Imagine that an interesting change is about to happen in our system; let’s say a user has filled out their information and is about to click the Register button. Upon processing this request, the User microservice needs to perform two actions:

persist the new user’s information in its database, and
publish a UserRegistered event to a message broker

Both steps are essential for our system to function correctly, so they should either both succeed or fail. For example, if the user info gets persisted, but the event doesn’t get published, then the Subscription service won’t know about the new user and won’t activate their trial subscription.

graph TD; req(Request)-->svc[Service]; svc[Business Microservice]-- Write 1 - OK -->db[Database]; svc[Business Microservice]-. Write 2 - Fail .->bus[Message Bus];

It might sound essential that the two steps above are performed together, but this double write can lead to several problems. For example:

When the message broker is down or unreachable: A message broker is an independent system with its own uptime/SLA, which means it can be down when we attempt to use it.
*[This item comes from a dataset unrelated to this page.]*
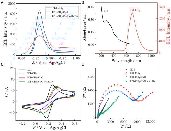 (A) The ECL intensity of PDI-CH3-modified GCE (black line), PDI-CH3/CuO-modified GCE (red line) and PDI-CH3/CuO-modified GCE treated with DA (blue line) recorded in 0.1 M PBS (pH 7.0) with 0.1 M K2S2O8 during the potential scanning range from 0 to −1.0 V. (B) The UV–Vis spectra of CuO solution (black line) and the ECL spectra of PDI-CH3-modified GCE recorded in 0.1 M PBS (pH 7.4) with 0.1 M K2S2O8 during the potential scanning range from 0 to −1.0 V (red line). The CV (C) and EIS (D) of bare GCE (black line), PDI-CH3-modified GCE (red line), PDI-CH3/CuO-modified GCE (blue line) and PDI-CH3/CuO-modified GCE treated with DA (green line) performed in 0.1 M Na2SO4 (pH 6.0) with 5 mM K3Fe[CN]6/K4Fe[CN]6.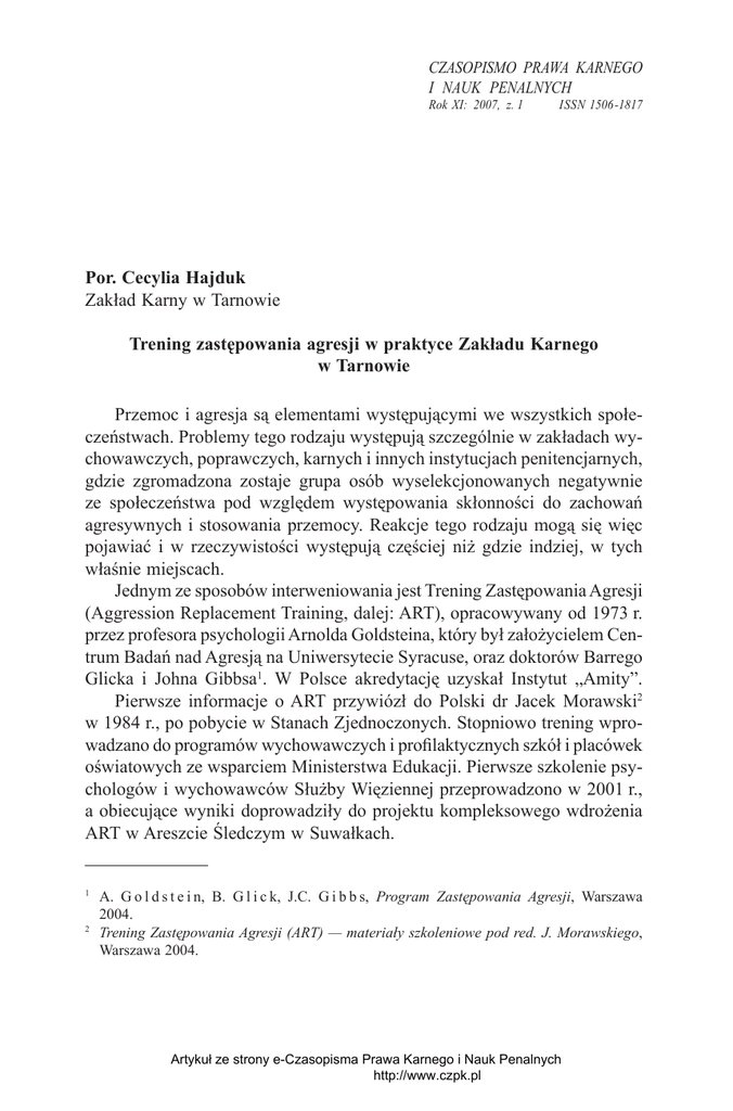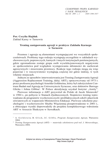 237 PRAWA KARNEGO I NAUK PENALNYCH Trening zastępowania agresji w praktyce Zakładu Karnego w Tarnowie CZASOPISMO Rok XI: 2007, z. 1 ISSN 1506-1817 Por. Cecylia Hajduk Zakład Karny w Tarnowie Trening zastępowania agresji w praktyce Zakładu Karnego w Tarnowie Przemoc i agresja są elementami występującymi we wszystkich społeczeństwach. Problemy tego rodzaju występują szczególnie w zakładach wychowawczych, poprawczych, karnych i innych instytucjach penitencjarnych, gdzie zgromadzona zostaje grupa osób wyselekcjonowanych negatywnie ze społeczeństwa pod względem występowania skłonności do zachowań agresywnych i stosowania przemocy. Reakcje tego rodzaju mogą się więc pojawiać i w rzeczywistości występują częściej niż gdzie indziej, w tych właśnie miejscach. Jednym ze sposobów interweniowania jest Trening Zastępowania Agresji (Aggression Replacement Training, dalej: ART), opracowywany od 1973 r. przez profesora psychologii Arnolda Goldsteina, który był założycielem Centrum Badań nad Agresją na Uniwersytecie Syracuse, oraz doktorów Barrego Glicka i Johna Gibbsa1. W Polsce akredytację uzyskał Instytut „Amity”. Pierwsze informacje o ART przywiózł do Polski dr Jacek Morawski2 w 1984 r., po pobycie w Stanach Zjednoczonych. Stopniowo trening wprowadzano do programów wychowawczych i profilaktycznych szkół i placówek oświatowych ze wsparciem Ministerstwa Edukacji. Pierwsze szkolenie psychologów i wychowawców Służby Więziennej przeprowadzono w 2001 r., a obiecujące wyniki doprowadziły do projektu kompleksowego wdrożenia ART w Areszcie Śledczym w Suwałkach. 1 2 A. G o l d s t e i n, B. G l i c k, J.C. G i b b s, Program Zastępowania Agresji, Warszawa 2004. Trening Zastępowania Agresji (ART) — materiały szkoleniowe pod red. J. Morawskiego, Warszawa 2004. Artykuł ze strony e-Czasopisma Prawa Karnego i Nauk Penalnych http://www.czpk.pl 238 Cecylia Hajduk Jako ciekawostkę warto pamiętać, iż w trakcie wizyty w Polsce autora ART Arnolda Goldsteina, który przybył tu na zaproszenie Ministerstwa Sprawiedliwości, on i towarzyszące mu osoby zostali na Dworcu Głównym w Warszawie obrabowani i pobici przez zorganizowaną grupę napastników. Autor metody mógł więc doświadczyć agresji praktycznie, po latach obcowania z nią w literaturze. Z dłuższej perspektywy ocenił to doświadczenie jako bezcenne dla pracy naukowej i napisał o tym w swojej książce Sprawcy, ofiary i miejsca. ART może być realizowany na wszystkich poziomach prewencji: jako metoda zapobiegania agresywnej przestępczości, jako program resocjalizacji sprawców przestępstw i jako sposób zapobiegania recydywie. Jest programem wszechstronnej interwencji na poziomie poznawczo-behawioralnym. Opiera się na złożeniu wynikającym m.in. z badań A. Badury z 1969 i 1973 r., że agresja jest zachowaniem wyuczonym przez obserwację, naśladowanie, bezpośrednie doświadczenie i powtarzanie. Metoda składa się z trzech komponentów, nakierowanych na trzy główne źródła przestępczości agresywnej: 1) Trening umiejętności społecznych — odpowiada na pytanie „CO ROBIĆ?” — wyniki badań wskazują, że sprawcy agresji nie potrafią zachowywać się właściwie w wielu sytuacjach z powodu braku odpowiednich wzorców społecznego postępowania i brak tych umiejętności zastępują agresją. Trening uczy, jak się zachowywać w sposób przyjęty w społeczeństwie i dający wysokie prawdopodobieństwo osiągnięcia celu bez użycia siły (w tym module występuje ćwiczenie umiejętności, tj. proszenie o pomoc, reagowanie na krytykę, radzenie sobie z oskarżeniem, radzenie sobie z presją, ujawnianie uczuć, unikanie bójek i in.). 2) Trening kontroli złości — wskazuje „CZEGO NIE ROBIĆ” — opiera się na założeniu, że część agresywnych zachowań ma źródło w gwałtownych, niekontrolowanych reakcjach. Trening kontroli złości uczy, jak unikać takich nagłych i impulsywnych reakcji. 3) Trening wnioskowania moralnego — obrazuje „DLACZEGO COŚ ROBIĆ, A CZEGOŚ NIE ROBIĆ?” — ma na celu naukę podejmowania wyborów w sytuacjach będących dylematami moralnymi. Trenujący uczą się dostrzegania motywów kierujących podejmowanymi w życiu decyzjami oraz rozumienia stanów emocjonalnych innych ludzi. Metoda akcentuje, że agresja jest podobna do uzależnienia — są to zachowania powtarzalne, często występujące w długich okresach czasu (podobnie jak ciągi opilcze), dające krótkotrwałe zadowolenie wraz z długotrwałymi negatywnymi następstwami, trudne do kontrolowania w chwili odczucia Artykuł ze strony e-Czasopisma Prawa Karnego i Nauk Penalnych http://www.czpk.pl Trening zastępowania agresji w praktyce Zakładu Karnego w Tarnowie 239 impulsu do agresywnego zachowania się, związane z utratą zdrowia i innych cennych wartości, takich jak np. wolność, zdrowie. Podobnie jak człowiek uzależniony uczy się zachowań abstynenckich, tak osoba agresywna może nauczyć się innego niż agresywny sposobu reagowania w odpowiedzi na prowokujące ją w otoczeniu bodźce. ART jest uważany za metodę z wyboru w resocjalizacji przestępców, co oznacza, że zostaje przedstawiony jako pewna oferta resocjalizacyjna. Skazani mówią przecież często, że: „wy w więzieniu nic z nami nie robicie, abyśmy byli lepsi po wyjściu na wolność”. Wówczas, w odpowiedzi na takie zarzuty, zapraszamy chętnych do udziału w treningu. Efektywność metody jest uzależniona ściśle od postawy zainteresowanych i ich zaangażowania w ćwiczenia, a także od znajomości metody w środowisku. Im więcej osób wie, na czym polega trening i rozumie potrzebę ćwiczenia umiejętności także po zakończeniu zajęć, tym większa jest szansa na trwałą zmianę postawy skazanego. Dlatego, jak wspomniano wcześniej, w zakładzie karnym w Suwałkach treningiem objęto znaczną część kadry penitencjarno-ochronnej w celu przygotowania jej do wspó

We also communicate with it over the network, which is unreliable by definition, so the broker can be unreachable when we try to send a message.
When the service is killed mid-way: As soon as the database persistence step completes, the service dies unexpectedly. The message publishing step doesn’t happen at all.
When requests have to be processed fast: Talking to a database and a message broker means that we talk to two different systems over a network, which adds to the total response time. If our service’s response SLA is tight, this might be an issue.
When we need to republish old events: Imagine that we have just deployed a new microservice, and it needs to catch up with all events that occurred within the last 30 days. The TTL (time to live) for messages in our bus is 7 days, so most of the events have disappeared. We need a way to republish these missing events without changing the state of any elements in the database. If those two actions are coupled, we have a problem.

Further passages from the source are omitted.